Hannah Fournier, Distinguished Professor Emerita
1941 - 2023
On Saturday May 20,2023, Hannah Fournier passed away at the age of 81. Colleagues, friends, and former students in the Department of French Studies will remember her as a talented administrator and a pioneering researcher in the field of Early Modern women’s writing and the digital humanities.
Hannah joined the Department of Classics and Romance Languages at the University of Waterloo as a part-time lecturer in 1966. She completed her Ph.D. at the University of Western Ontario in 1976 and then joined the newly formed department of French Studies as an Assistant Professor. A specialist in 16th-century Renaissance and Reformation literature and in the history of French women writers, Hannah had a particular interest in the works of Marie de Gournay and Marguerite de Navarre and produced several critical editions of texts by female authors.
She is perhaps best known as a founding member, along with Jean-Philippe Beaulieu (University of Montreal) and Delbert Russell (Distinguished Professor Emeritus, Waterloo), of the MARGOT project which, in 1989, built a textual database of Latin and early French texts, using software developed at Waterloo for the computerization of the Oxford English Dictionary (OED). Using these tools, and with the help of graduate students, the group published several electronic editions of medieval texts and early modern works by women writers, creating the MARGOT website in the early 1990s. In 2008, in recognition of her important contributions to research, colleagues Guy Poirier, Christine McWebb, Delbert Russell and François Paré published a volume of essays in her honour: Dix ans de recherche sur les femmes écrivains de l’Ancien Régime : influences et confluences. Mélanges offerts à Hannah Fournier (Presses de l’Université Laval).
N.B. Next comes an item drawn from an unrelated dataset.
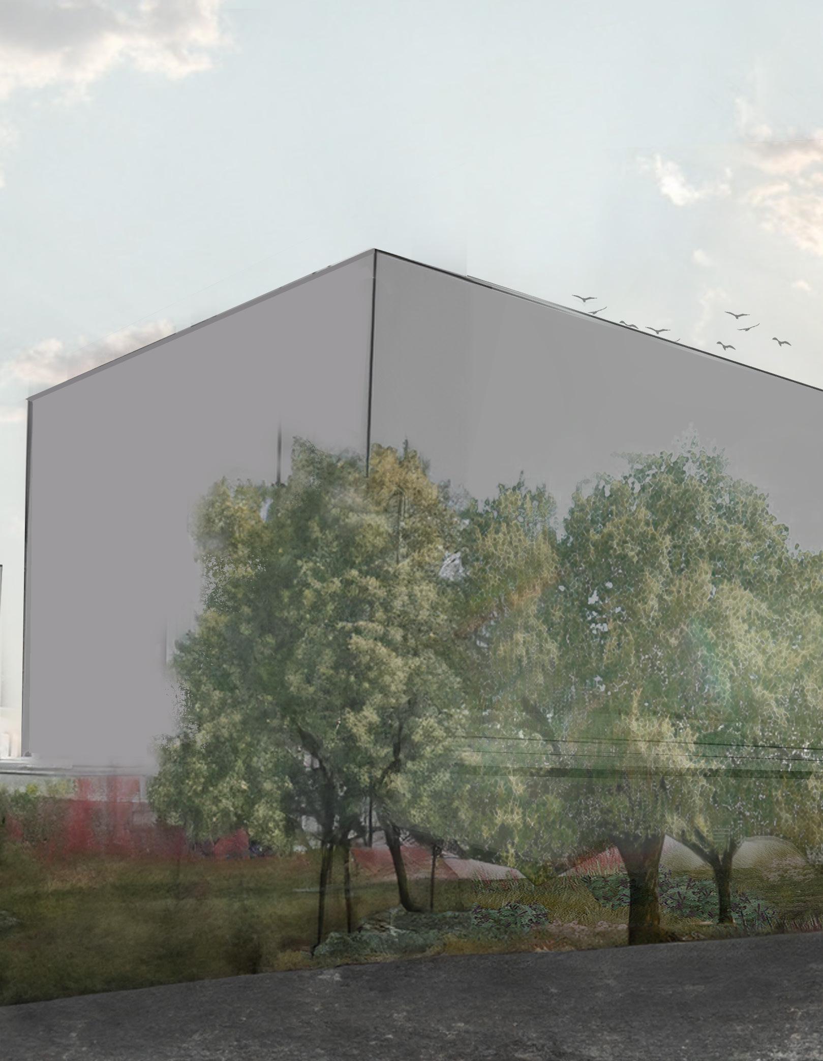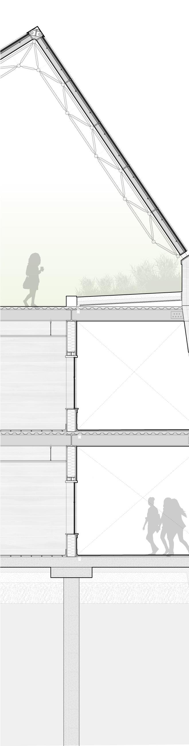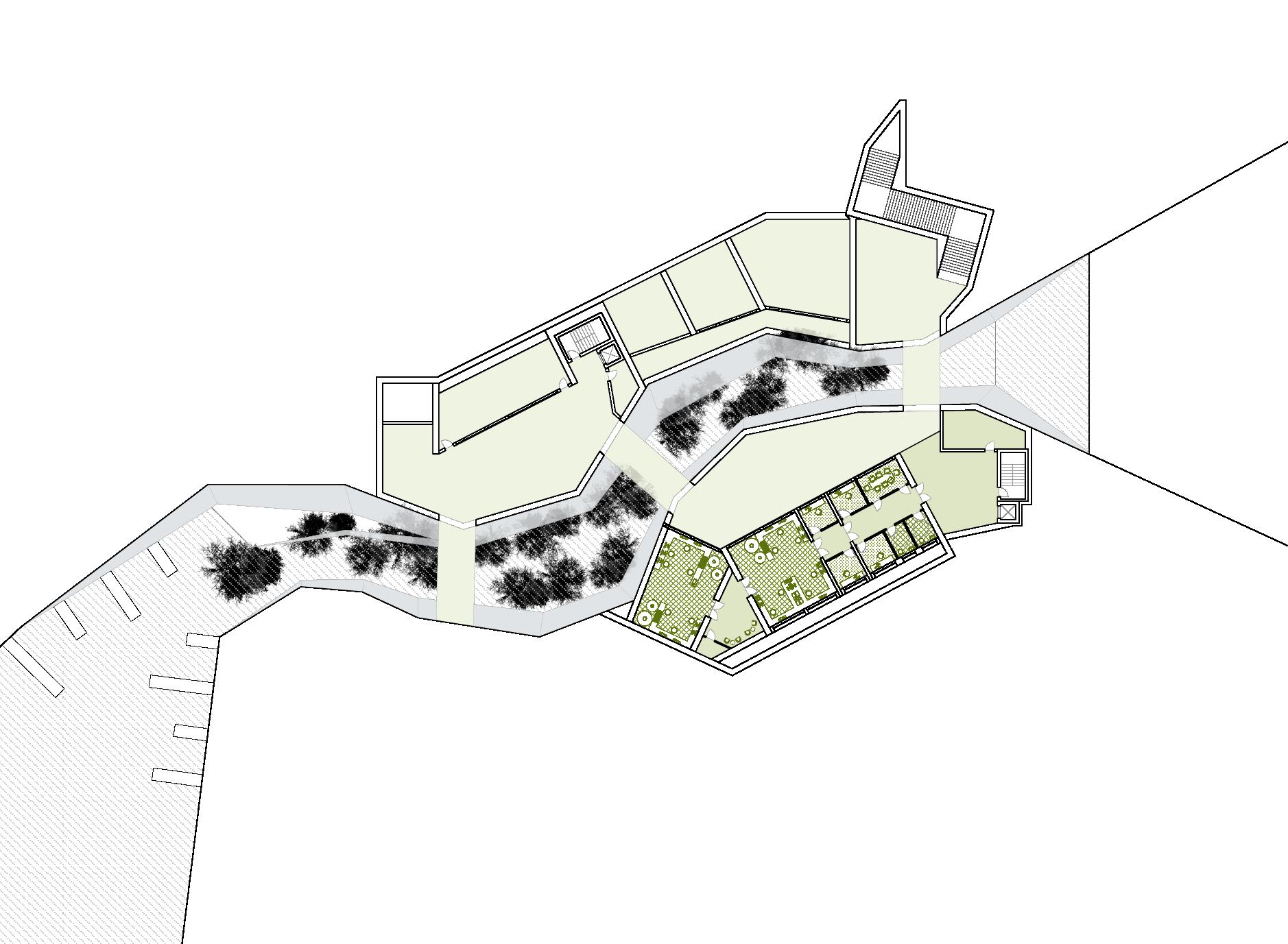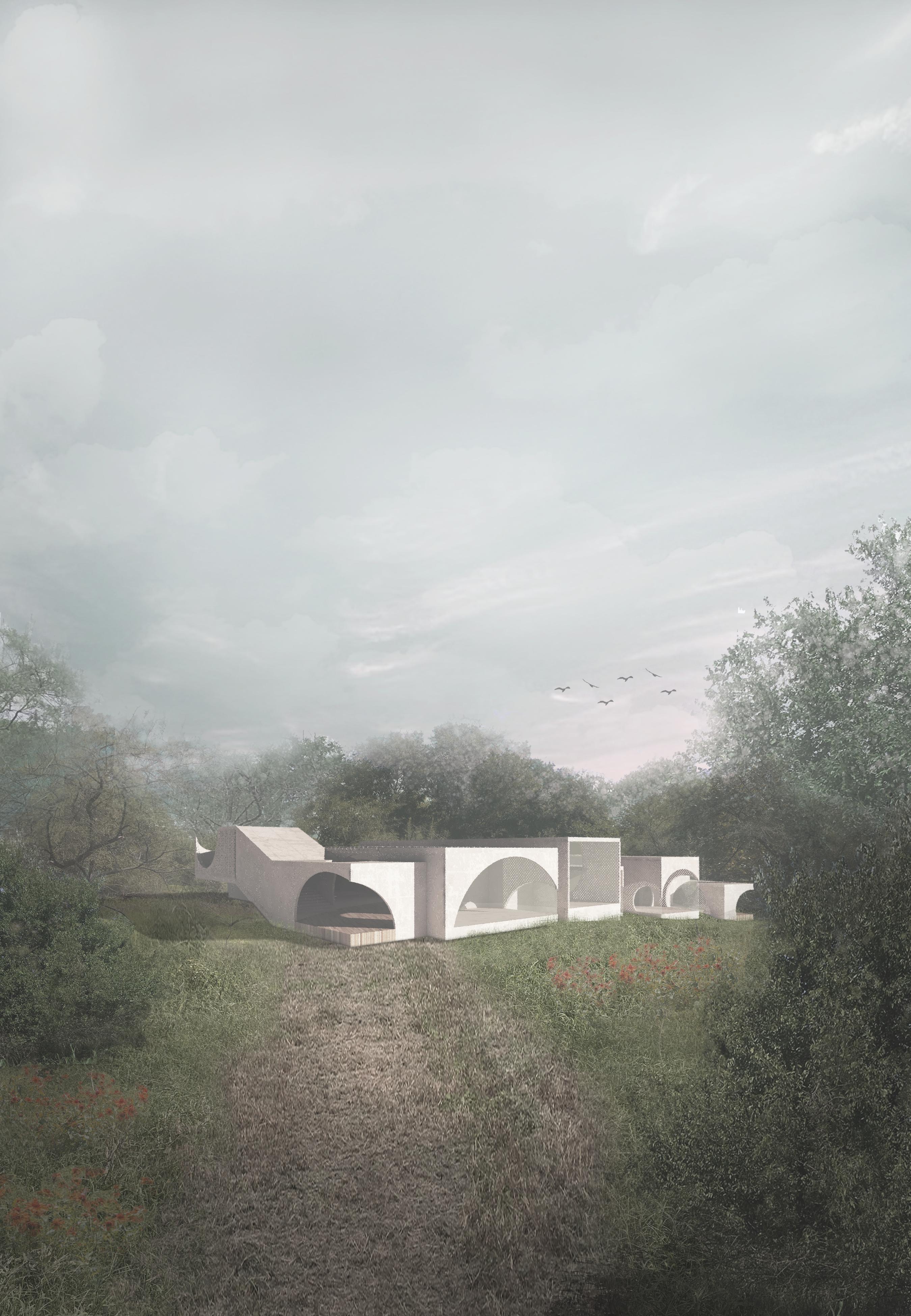 The building is composed of a series of open rectilinear volumes that from the exterior mimic residential forms, however from within, these normal volumes are spliced with voids where nature can infest the building.

In addition to her work in the Department of French Studies where she served as chair from 2001 to 2003 and a term as Associate Dean of Undergraduate Studies in the Faculty of Arts, Hannah was instrumental in the creation of the Women’s Studies program, for which she served as co-ordinator from 1981 to 1984. She was also a founding member and served on the board and as treasurer of the on-campus day-care centre Klemmer Farmhouse Co-op Nursery from 1972 to 1975. A generous colleague, Hannah mentored junior colleagues with grace and good humour.
Delbert Russell, Distinguished Professor Emeritus
1944 - 2023
Distinguished Professor Emeritus Delbert Russell passed away on September 24, 2023. Colleagues, friends, and former students will remember him as a mentor, a talented administrator, and an important contributor to the field of digital humanities.
Delbert Russell completed his Ph.D. in French Literature at the University of Toronto in 1973. After five years at Nipissing University, he joined the Department of French Studies at the University of Waterloo in 1978, achieving the rank of Full Professor in 1990. In addition to Chairing the department from 1990-95 and serving as the Resident Director of the Waterloo at the Université de Nantes program on four separate occasions, Delbert also served as the Faculty of Arts Associate Dean, Graduate Studies and Research, from 1996-99.
In 1983, Delbert published the first book-length study in English on the Québécois writer Anne Hébert. But his most important research contributions were in Medieval Studies. Delbert published a number of critical editions of early Anglo-Normand texts including La Vie seint Edmund le Rei (Oxford, 2014) and Verse Saints’ Lives Written in the French of England (ACMRS Press, 2012). His most recent work was a multi-year project with co-editors Jocelyn Wogan-Browne and Thelma Fenster resulting in the publication of Vernacular Literary Theory from the French of England: Texts and Translations, c.1120–c.1450 with Cambridge University Press in 2018. This edition of literary extracts was deemed a “landmark achievement in the ongoing reassessment of the place of French in medieval English culture.” In 1986, his work on critical editions led him to be the Co-Director of the University of Waterloo Centre for the New Oxford English Dictionary, the initiative to digitize the OED, and Delbert became an early champion of the digital humanities, holding a number of important SSHRC grants to advance work in this new field. He is perhaps best known as a founding member, along with Jean-Philippe Beaulieu (University of Montreal) and Hannah Fournier (Distinguished Professor Emerita, Waterloo), of the MARGOT project which, in 1989, built a textual database of Latin and early French texts, using software developed for the OED project. Using these tools, and with the help of graduate students, the group published several electronic editions of medieval texts and early modern works by women writers, creating the MARGOT website in the early 1990s. Under his leadership, MARGOT expanded to include several archival projects and databases that are used by scholars and students to this day.